Without a shot fired, the French hand over New Orleans and Lower Louisiana to the United States.
In April 1803, the United States purchased from France the 828,000 square miles that had formerly been French Louisiana. The area was divided into two territories: the northern half was Louisiana Territory, the largely unsettled (though home to many Indians) frontier section that was later explored by Lewis and Clark; and the southern Orleans Territory, which was populated by Europeans.
Unlike the sprawling and largely unexplored northern territory (which eventually encompassed a dozen large states), Orleans Territory was a small, densely populated region that was like a little slice of France in the New World. With borders that roughly corresponded to the modern state of Louisiana, Orleans Territory was home to about 50,000 people, a primarily French population that had been living under the direction of a Spanish administration.
These former citizens of France knew almost nothing about American laws and institutions, and the challenging task of bringing them into the American fold fell to the newly appointed governor of the region, twenty-eight-year-old William Claiborne. Historians have found no real evidence that the French of Orleans Territory resented their transfer to American control, though one witness claimed that when the French tri-color was replaced by the Stars and Stripes in New Orleans, the citizens wept. The French did resent that their new governor was appointed rather than elected, and they bridled when the American government tried to make English the official language and discouraged the use of French.
It didn’t help matters that young Claiborne knew neither French nor Spanish.

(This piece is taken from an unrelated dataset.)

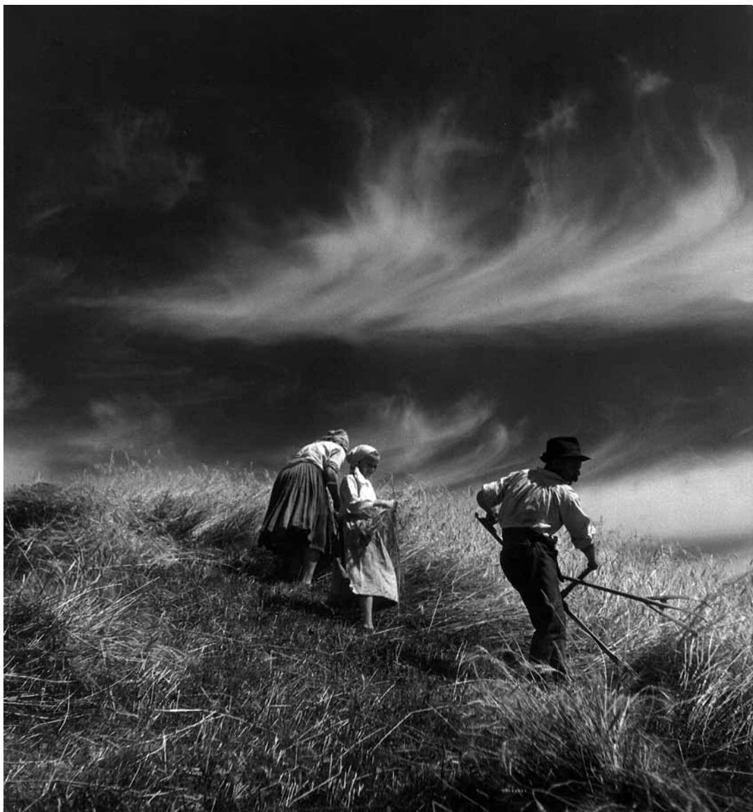
sl.1. August Frajtič - Kruh naš svagdanji

Da bismo danas u cijelosti mogli sagledati veličinu i značenje fenomena tzv. zagrebačke škole fotografije, iz 1930-ih godina, moramo se vratiti malo u prošlost, u drugu polovicu 19. st.

Claiborne soon found himself immersed in a complex sea of ethnic tensions and political unrest that he little understood, and in January he wrote to Thomas Jefferson that the population was “uninformed, indolent, luxurious-in a word, ill-fitted to be useful citizens for a Republic.” To his dismay, Claiborne found that most of his time was spent not governing, but dealing with an unrelenting procession of crises like riots, robberies, and runaway slaves.
Despite his concerns, Claiborne knew that somehow these people had to be made into American citizens, and over time he gradually made progress in bringing the citizenry into the Union. In December 1804 he was happy to report to Jefferson that “they begin to view their connexion with the United States as permanent and to experience the benefits thereof.” Proof of this came eight years later, when the people of Orleans Territory drafted a constitution and successfully petitioned to become the eighteenth state in the Union. Despite Claiborne’s doubts about whether the French would ever truly fit into their new nation, the approval of that petition meant that the people of Louisiana were officially Americans.